More than 2,200 Palestinians, including 551 children, were killed in Gaza last summer and more than 100,000 people remain in need of permanent shelter due to the lack of reconstruction since then.

Maritime link

“The talks about the Mavi Marmara are taking place in a manner that is linked and intertwined to Hamas’ talks about the truce,” Aktay told Alresalah, adding that the siege of Gaza had become a “Turkish issue.”

In September 2011, Turkey imposed unprecedented sanctions on Israel, reducing diplomatic and military ties over the Mavi Marmara attack.

Turkey has demanded an Israeli apology, compensation for its victims and an end to the blockade of Gaza.

Aktay said that Turkey had pledged to build a seaport and rebuild Gaza’s airport if an agreement is reached.

He also said that there had been talks between Turkey and the government of Cyprus over the establishment of a maritime corridor to Gaza via Cyprus.

A working paper proposing such a link was published by the Gaza-based human rights organization Euromid last year.
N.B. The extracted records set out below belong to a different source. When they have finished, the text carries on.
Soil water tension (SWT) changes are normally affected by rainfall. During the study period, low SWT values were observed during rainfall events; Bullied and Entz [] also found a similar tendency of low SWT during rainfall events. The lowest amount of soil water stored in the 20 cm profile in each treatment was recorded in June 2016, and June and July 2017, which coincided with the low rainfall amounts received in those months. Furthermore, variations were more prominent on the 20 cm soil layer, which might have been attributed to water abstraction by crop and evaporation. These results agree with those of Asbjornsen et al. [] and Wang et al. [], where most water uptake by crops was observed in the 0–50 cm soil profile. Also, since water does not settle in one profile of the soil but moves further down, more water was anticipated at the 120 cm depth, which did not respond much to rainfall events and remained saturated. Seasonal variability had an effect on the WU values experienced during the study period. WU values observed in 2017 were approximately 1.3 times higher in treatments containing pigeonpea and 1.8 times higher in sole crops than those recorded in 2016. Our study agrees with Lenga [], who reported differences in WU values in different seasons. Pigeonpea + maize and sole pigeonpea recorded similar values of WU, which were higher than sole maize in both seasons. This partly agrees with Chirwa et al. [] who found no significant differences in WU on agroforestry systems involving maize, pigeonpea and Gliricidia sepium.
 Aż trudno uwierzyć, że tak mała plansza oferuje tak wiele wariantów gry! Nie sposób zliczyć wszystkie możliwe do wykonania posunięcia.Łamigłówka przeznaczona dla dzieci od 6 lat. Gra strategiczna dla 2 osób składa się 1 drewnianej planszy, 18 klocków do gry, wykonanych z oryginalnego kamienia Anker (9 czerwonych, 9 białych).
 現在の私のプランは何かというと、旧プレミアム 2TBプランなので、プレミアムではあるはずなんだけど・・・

But Aktay acknowledged there have been significant obstacles: “Every time we reach an advanced stage in the negotiations on Mavi Marmara, Israel attacks Gaza again and things go back to zero.”

Aktay added that improvement in Turkey’s ties with Israel would necessitate the lifting of the suffering of Palestinians in Gaza.

Dubious Israeli denial

In a strange twist, former UK Prime Minister Tony Blair, who was recently eased out as Quartet peace envoy, has assumed a mediating role.

Blair met with Hamas leader Khaled Meshaal in the Qatari capital Doha earlier this month for the second time since June.

Blair has long been criticized by Palestinians for his hardline pro-Israel positions.

The office of Israeli Prime Minister Benjamin Netanyahu has categorically denied its involvement in any such negotiations.

“Israel officially clarifies that there have been no meetings with Hamas,” the prime minister’s office said in a statement. “Not directly, not through another country and not through intermediaries.”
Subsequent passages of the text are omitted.